» **YOUR OBJECTIVE**:
With pictures left out, return only the lines from the line containing "Mise à part" through the end of the material below, both included.

» **DATA SEGMENT**:
[Start of Attachment]

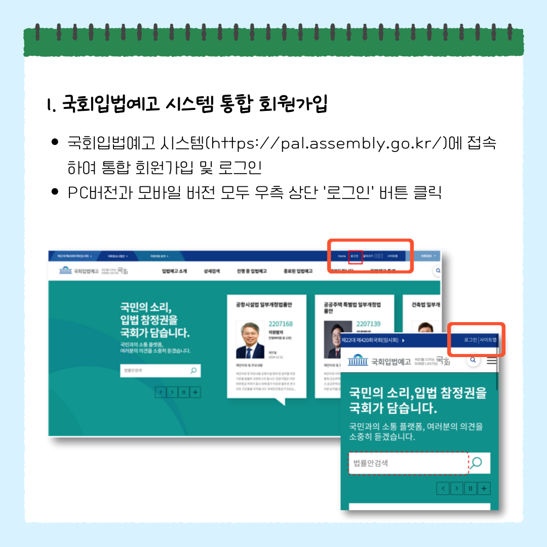 1️⃣ 국회입법예고 시스템(https://pal.assembly.go.kr/) 통합 회원가입
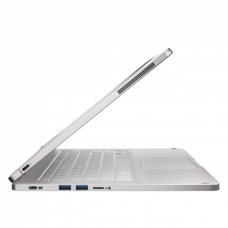 Mise à part son design léché, nous sommes face à un notebook haut de gamme : Ecran IPS de 13.3 pouces affichant une résolution de 3200×1800 pixels (QHD+), processeur de dernière génération Intel Core i7 Kaby Lake épaulé par 16 Go de RAM et un SSD de 512 Go (en PCIe). La batterie devrait tenir le coup durant 14 heures, d’après le fabricant. Du côté des connectiques, nous sommes sur le minimum vital (Qu’Apple devrait suivre) avec deux ports USB 3.1 Type-C (dont unThunderbolt), deux ports USB 3, un lecteur de carte SD et une prise jack micro/casque.
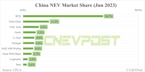Automakers' share in China NEV market in Jun: BYD 34.7%, Tesla 11.2%

[End of Attachment]

» **EXERCISE OUTPUT**:
 Mise à part son design léché, nous sommes face à un notebook haut de gamme : Ecran IPS de 13.3 pouces affichant une résolution de 3200×1800 pixels (QHD+), processeur de dernière génération Intel Core i7 Kaby Lake épaulé par 16 Go de RAM et un SSD de 512 Go (en PCIe). La batterie devrait tenir le coup durant 14 heures, d’après le fabricant. Du côté des connectiques, nous sommes sur le minimum vital (Qu’Apple devrait suivre) avec deux ports USB 3.1 Type-C (dont unThunderbolt), deux ports USB 3, un lecteur de carte SD et une prise jack micro/casque.
Automakers' share in China NEV market in Jun: BYD 34.7%, Tesla 11.2%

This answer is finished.